Rain was still coming down but not to bad.  I met up with some gym and co-workers and listened to them tell me stories of the previous years.  Nerves were getting worse and I started to worry about the bike part more. Before I knew it we were lining up and the count down had started.  We were off before I even knew what happened to the extra hour I had when I got there.  My friend brought my son down so he could see me run and they both snapped a few pictures of the start.  I was waving to my kiddo as he had his video camera attached his head.

I felt pretty good during the running part.  I kept a good pace (for me) and just enjoyed the miles without stressing to go faster.  I knew there wasn't any way I could keep up with these athletes who do these races all the time.  Nobody was walking like the 5k races!  I'm always slow to start and then able to speed up around the second mile.  I was even able to pass a few people which did put a little peep in my step.

By the time I got to the kayaks, there was still close to 30 boats waiting.  I felt pretty good about this as well and got my boat in fast and took off.  Kayaking is my thing and I love the water.  I hoped to be able to play catch up in this section.  And to some degree, I did.  Half way there I remembered that I forgot to put my gloves on but refused to stop to get them.  Thanks to this, I ended up with some nice size blisters on my thumbs.  But I didn't care.  It was a blast playing on the water.  I did, however, slow down to talk to a few people.  There was a guy from the Coast Guard and we talked for maybe a mile before I remembered I was in a race!  I started speeding up then.  There was also this other guy that was in a whitewater kayak and was having issues getting the boat to go left.  Every time he tried to paddle it would turn him right...into the rocks.  I hung back with him for a few just talking smack before I dug in to finish the section.

The bike section was left and I was still feeling pretty good at this point.  I ran up the hill and grabbed my bike. Put my helmet on and also remembered the gloves.  Off I went with the Coast Guard guy right in front of me.  He had caught up to me as I was getting out of the water.  The bike section was a pain in the ass...literally.  After the first few miles, the pain was horrible but I sucked it up and continued on.  The faster I peddled the slower I seemed to be going.  People were passing me left and right and I had no idea why.  Of course I was on my mountain bike and they were on street bikes....there is a difference people!!!!  I made it through the first round but could already see the people disappearing as I was making my second trip.  It was really nice to hear everyone cheering me on as they passed me though and gave me the will to keep fighting.  

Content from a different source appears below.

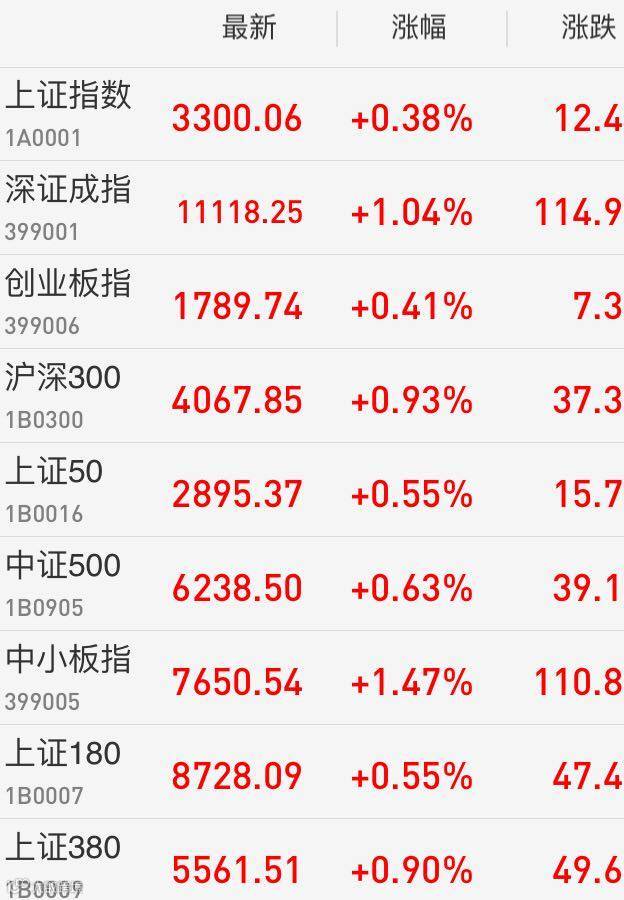 1、A股:上证指数报3300.06点,上涨0.38%,成交额1737.4亿。深证成指报11118.25点,上涨1.04%,成交额2113.39亿。创业板指报1789.74点,上涨0.41%,成交额572.26亿。两市合计成交3850.79亿。从盘面上看,高送转、租售同权等板块涨幅居前。

By the time I made it to the 12th mile, I was numb.  I couldn't even feel from the waist down and tried to stand to take pressure off my tailbone but couldn't.  The pain was worse every time I tried to change position.  So I stayed in the same position for the last four miles and only kept going by my will to not give up.  A police car started following me, slowly moving with me as I made my way, painfully to the finish line.  It was rather creepy and made me feel like a criminal.  I will not lie but I did almost give up but I remembered how far I came and only had a few more stupid, very long, very painful, miles to go.  I slowly and very painfully made it one mile at a time.  I'm sure the cops were saying, "Can't you go any faster" but what they didn't know was that I really have no idea how I kept going.  The pain was worse then when I first got the injury.  
As I climbed the last hill, knowing the finish line was within sight, I almost cried like a baby.  The smile on my sons face was the first thing I saw as I crossed that finish line.  I sent a prayer thanking God for the hand on my shoulder and gladly crawled off the bike and to the nearest grassy hill, stretching out on my side and drank some water while I waited for pain to stop.  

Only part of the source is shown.